Task details
Reproduce exactly the lines of this material that begin at the line with "Доллар-йена. Неужели пара" and end at the line with "уют своим владельцам.", both included. Omit the pictures and everything else.

Task material
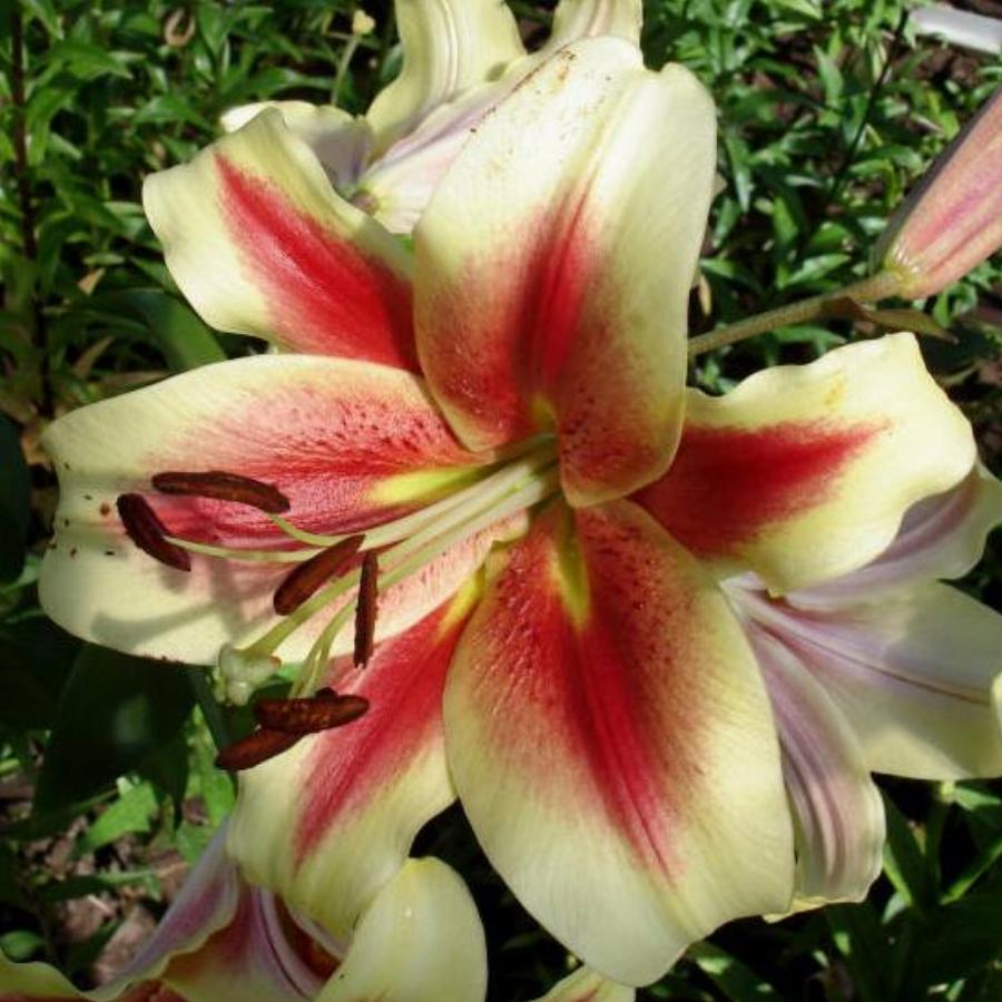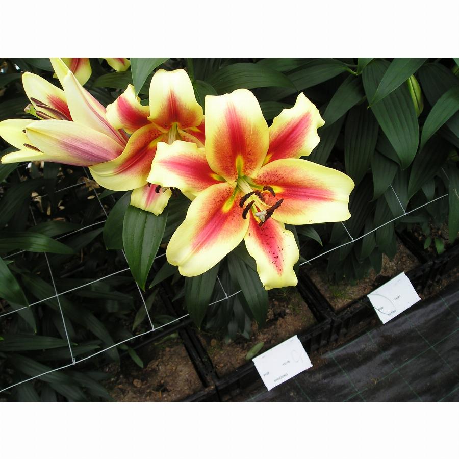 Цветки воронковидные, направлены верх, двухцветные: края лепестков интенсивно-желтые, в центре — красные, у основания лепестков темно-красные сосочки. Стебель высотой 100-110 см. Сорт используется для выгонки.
...
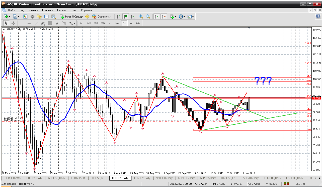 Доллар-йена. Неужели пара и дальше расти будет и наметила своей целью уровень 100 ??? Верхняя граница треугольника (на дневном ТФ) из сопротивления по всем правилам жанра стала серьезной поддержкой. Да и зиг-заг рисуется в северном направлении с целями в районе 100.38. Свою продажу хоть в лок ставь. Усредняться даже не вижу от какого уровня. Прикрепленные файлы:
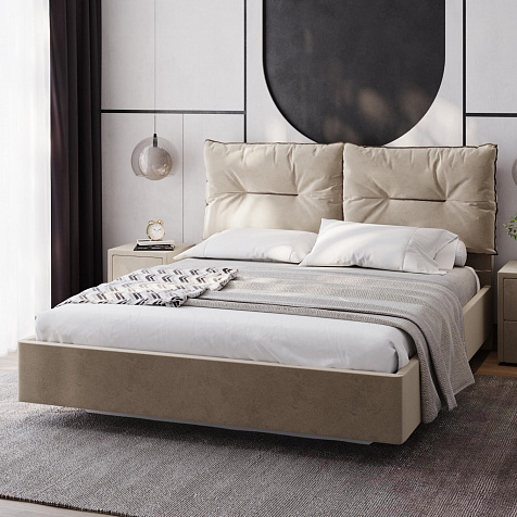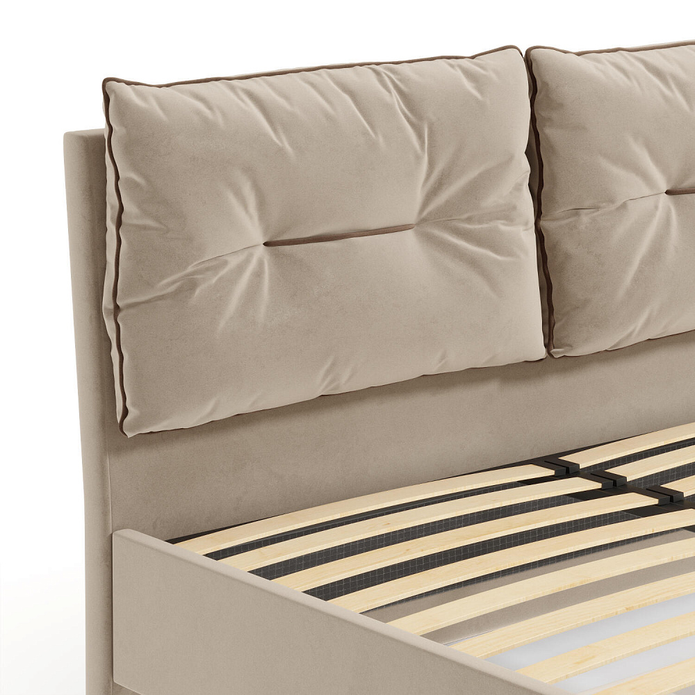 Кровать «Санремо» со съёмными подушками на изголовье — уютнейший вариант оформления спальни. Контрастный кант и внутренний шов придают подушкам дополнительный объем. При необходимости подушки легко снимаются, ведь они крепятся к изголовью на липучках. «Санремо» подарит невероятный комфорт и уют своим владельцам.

Result for this task
 Доллар-йена. Неужели пара и дальше расти будет и наметила своей целью уровень 100 ??? Верхняя граница треугольника (на дневном ТФ) из сопротивления по всем правилам жанра стала серьезной поддержкой. Да и зиг-заг рисуется в северном направлении с целями в районе 100.38. Свою продажу хоть в лок ставь. Усредняться даже не вижу от какого уровня. Прикрепленные файлы:
 Кровать «Санремо» со съёмными подушками на изголовье — уютнейший вариант оформления спальни. Контрастный кант и внутренний шов придают подушкам дополнительный объем. При необходимости подушки легко снимаются, ведь они крепятся к изголовью на липучках. «Санремо» подарит невероятный комфорт и уют своим владельцам.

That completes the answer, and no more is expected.